Simple types & utilities built for the OpenAI Chat Completions API specification.

0.0.17
PyPI
Maintainers
1

💭 chatspec

Tiny types & utilities built for the OpenAI Chat Completions API specification.

License PyPI

Hammad Saeed ~ @hsaeed3

📦 Installation

pip install chatspec

📚 Documentation & Examples

chatspec provides a 'prethora' (as many as would actually be useful) of types, models & methods for validating, converting and augmenting objects used in the OpenAI chat completions API specification, as well as a MockAI client & mock_completion() method for creating mock llm responses quickly. I use Instructor for all of my structured outputs, so Pydantic is a core part of this library.
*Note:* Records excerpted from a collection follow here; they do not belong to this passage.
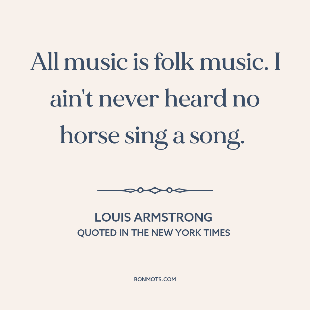 Armstrong, Louis. Quoted in "Louis Armstrong, Jazz Trumpeter and Singer, Dies." Written by Alvin Krebs. The New York Times, 7 July 1971.
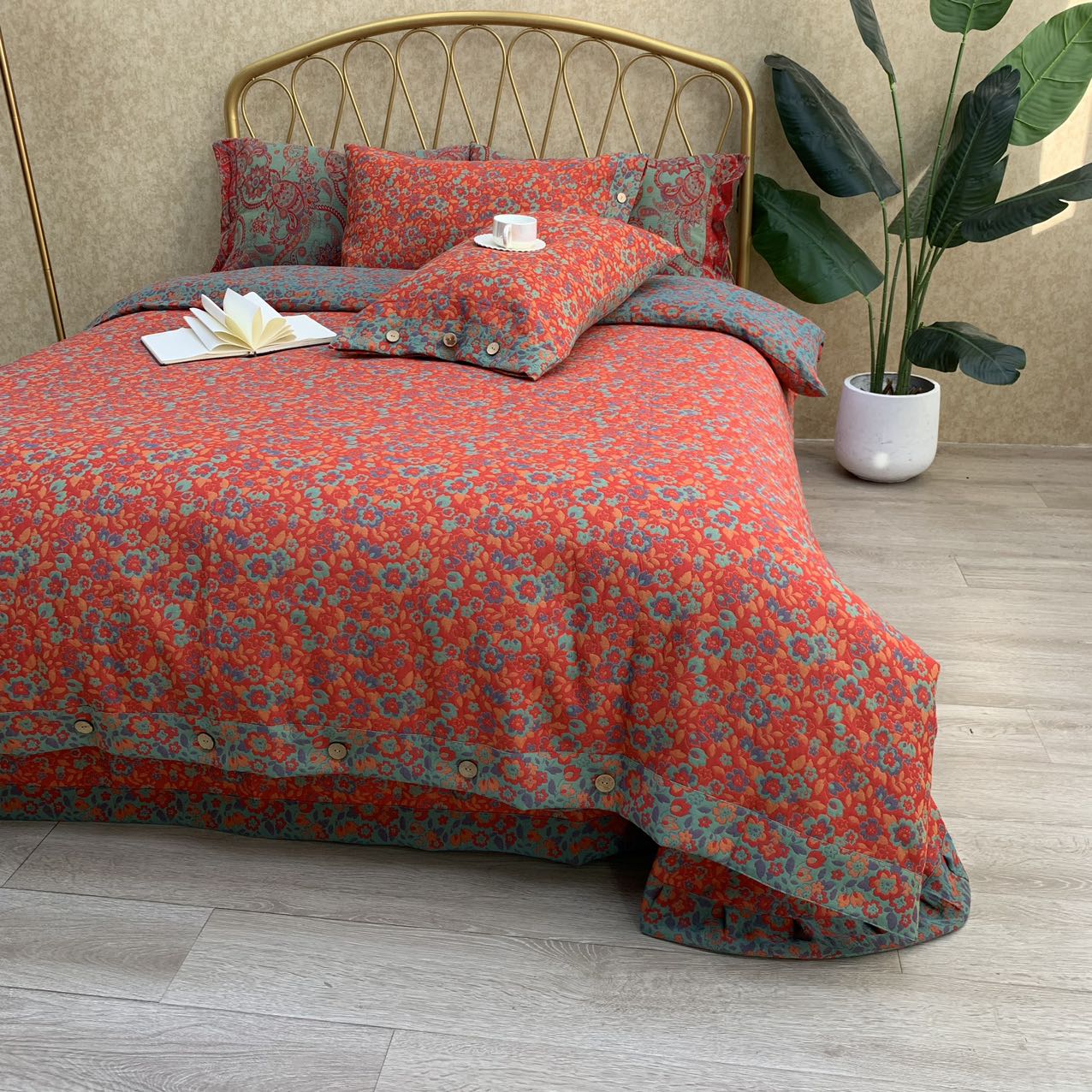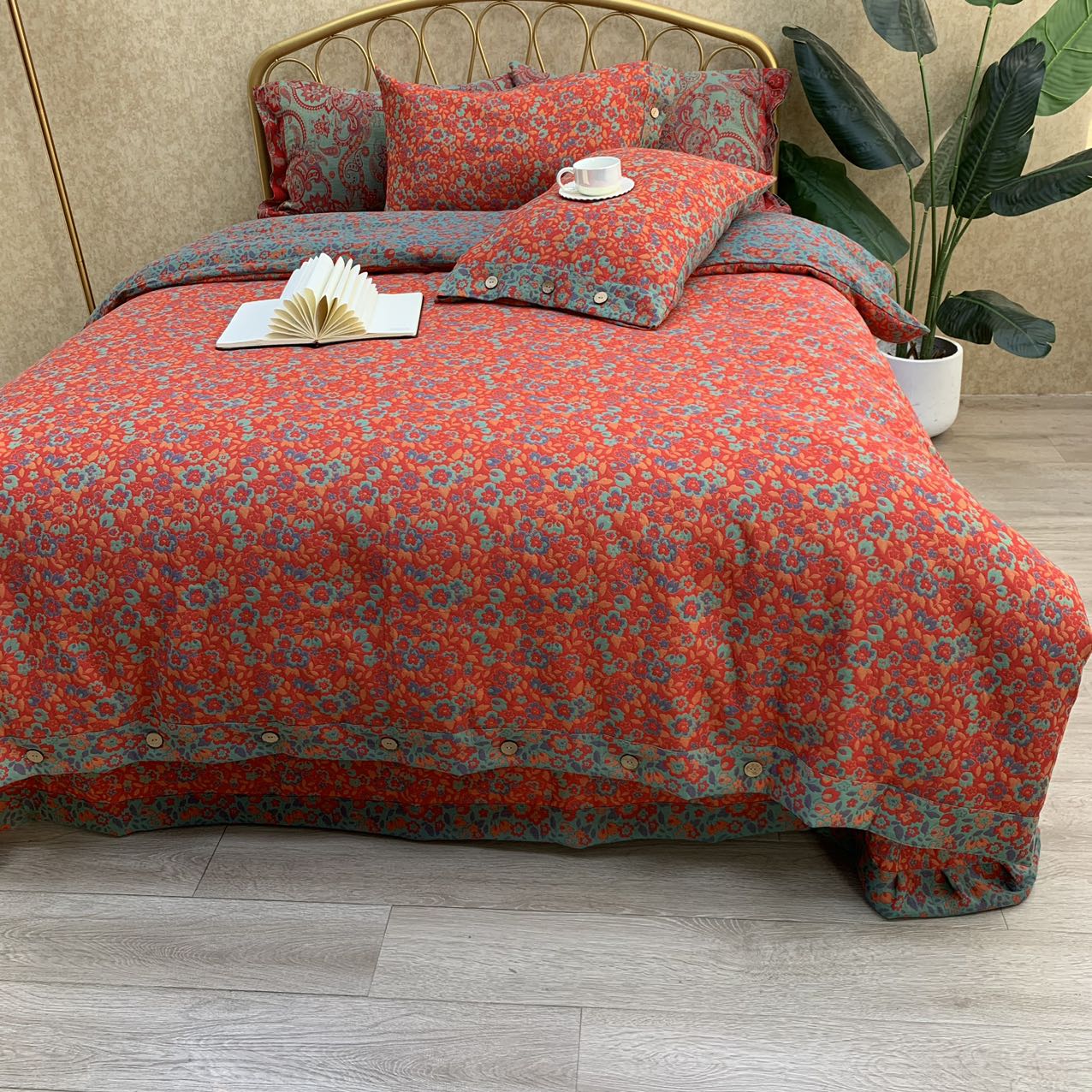 商品名称:鲁爱 2025新款三层纱床盖款四件套 红小花
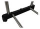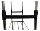 Praktický dvojramenný pojazdný vešiak vyrobený z nerezového kovu a čiernej plastovej základne, priečne spevnenie je tvorené doplnkovými tenkými tyčkami umiestnenými medzi ramenami, ktoré majú dodať stabilitu.
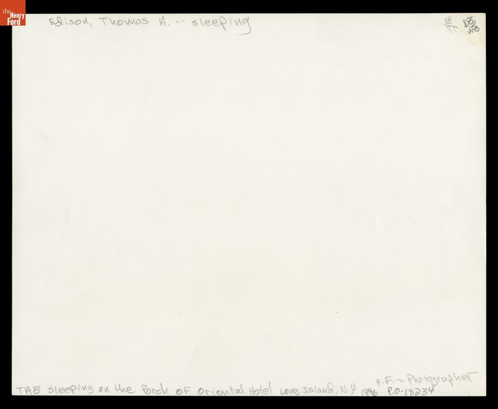 Thomas Edison Asleep at the Oriental Hotel, Manhattan Beach, Snapshot by Henry Ford, 1896
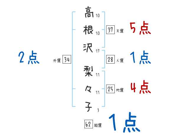 総運![]() | 高根沢梨々子さんの総運は62画の1つ星!困難なトラブルが多く精神的に疲労しないように気をつけましょう。 あなたの人生を表す1番重要な運勢です。生涯を通じて影響する総合運となり、主に50歳以降の晩年期に影響を及ぼします。 |
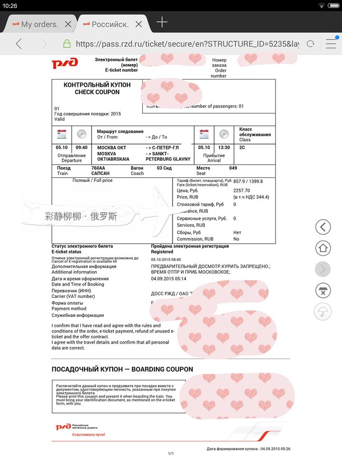 在此一并说下,莫斯科到圣彼得堡的高铁票也是在俄铁官网提前购买好的。也有不少人说到现场买票随时都能买到,没必要提前在官网买好了呀!随时能买到是不错,但是当时买的价格,跟俄铁官网提前购买的价格,差很大!提前越早价格越低。按理说,官网最早提前60天放票,但是这次很不巧的遇上10月起的时刻表大调整,所要买的日期一直到了提前不到30天才放票,价格自然是贵了一点,但也是能接受的范围。
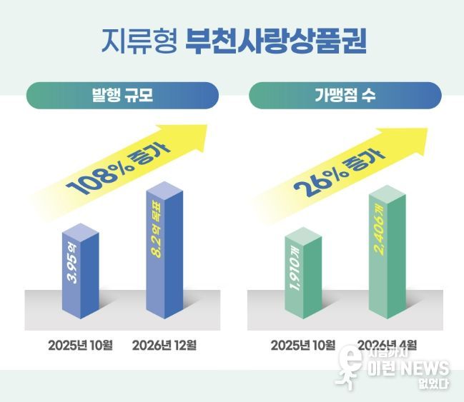 이런뉴스(e-runnews) 김삼성 기자 | 부천시가 지역경제 선순환을 위해 도입한 지류형 지역화폐 ‘부천사랑상품권’이 시행 반년 만에 발행 규모와 사용처가 모두 꾸준히 늘며 지역 상권에 활기를 더하고 있다.
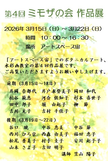 【開催】第4回 ミモザの会 作品展(「アートスペース宙」でのボタニカルアート・水彩画教室生徒の第3回作品展)を開催しました。<2026年3月15日(日)~3月22日(日)10:00~16:30>
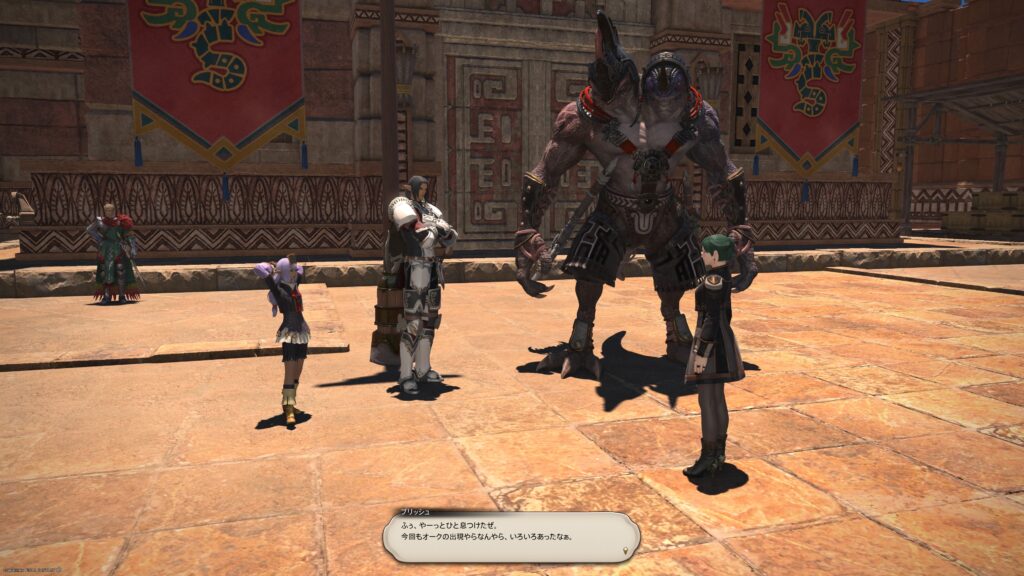 と、プリッシュが教えてくれました。ふむふむ、ヴァナ・ディールではそんな存在なんですねえ。アルシャールがこの世界にもオークは存在するのか、と訊ねてきましたが、冒険者が答える間もなく、オークたちは消えました。
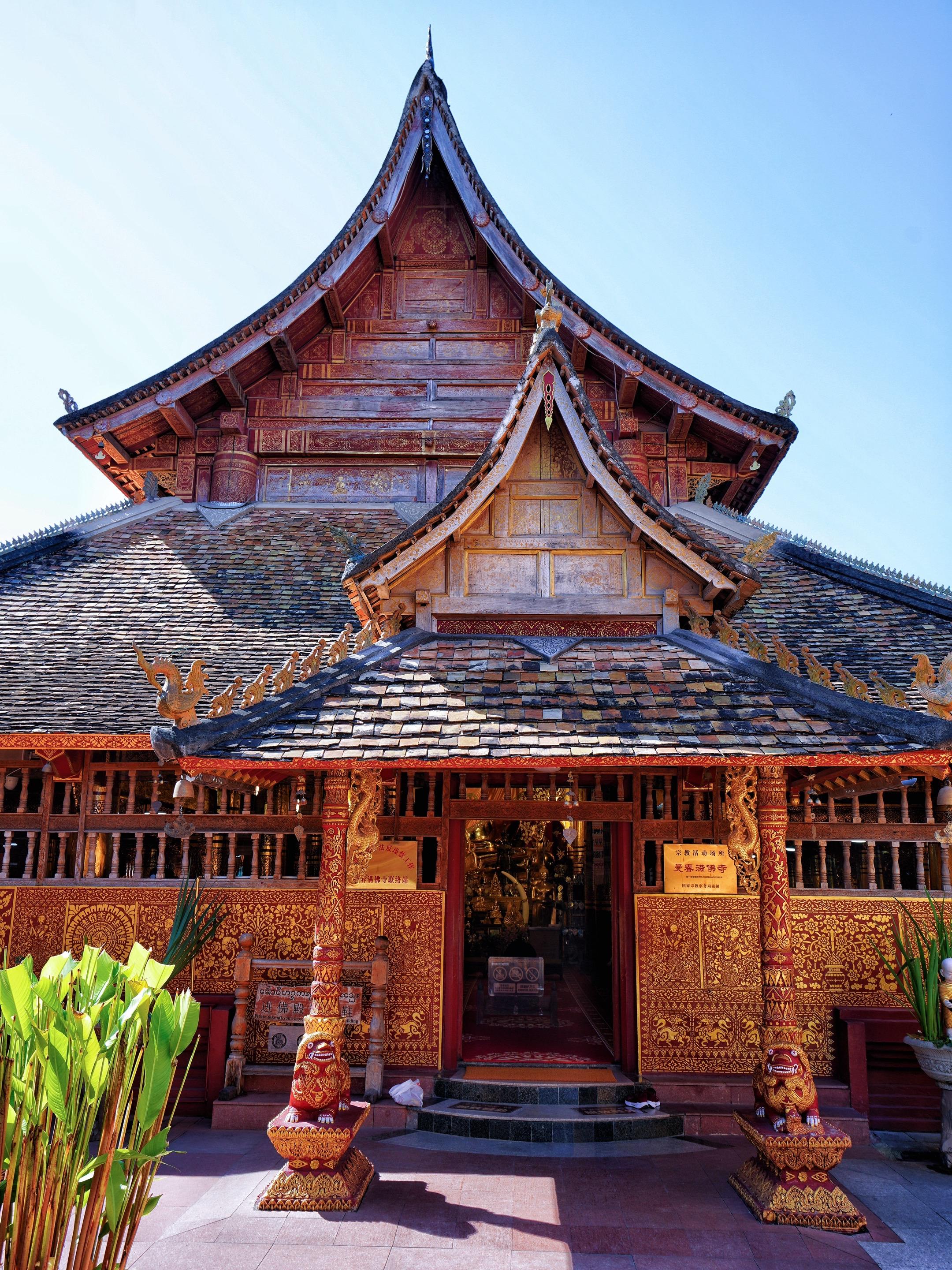 西双版纳傣族园,你可以不去泼水广场,不去孔雀园,不去边境码头,但一定要看曼春满佛寺,它江湖地位老高了,这是一座千年古刹,又是版纳少有的国保单位,中国南传佛教12大寺院之一,让人不可思议的是,寺庙的修缮居然是由泰国外交部出资的,泰国国王曾十几次御赐袈裟布施于曼春满佛寺,这是什么神仙寺庙?

The point of this library is to provide a common interface for methods that I have found myself needing to replicate across multiple projects.

✨ Quickstart

# just import the package
import chatspec

# create some tool for the llm to call
def get_capital(city : str) -> str:
    return "Paris"

# create a mock completion with a simulated tool call & stream it!
stream = chatspec.mock_completion(
    # format threads easily
    # this creates a proper list of messages from a:
    # - string
    # - list of messages
    # - single message (pydantic or dict)
    messages = chatspec.normalize_messages("What is the capital of France?"),
    # convert python functions / pydantic models / and more to tools easily
    tools = [chatspec.convert_to_tool(get_capital)],
    # streaming is supported & properly typed / handled
    stream = True
)

# chatspec provides a plethora of 'ease of use' methods
chatspec.print_stream(stream)
# >>> Mock response to: What is the capital of France?
# >>> Tool Call:
# >>>   ID: 79d46439-3df2-49de-b978-8be0ef54dccf
# >>>   Type: function
# >>>   Function: get_capital
# >>>   Arguments: {"city": "mock_string"}

📝 Table of Contents

🥸 Mock Completions

chatspec provides both async & synchronous mock completion methods with support for streaming, simulated tool calls, all with proper typing and overloading for response types.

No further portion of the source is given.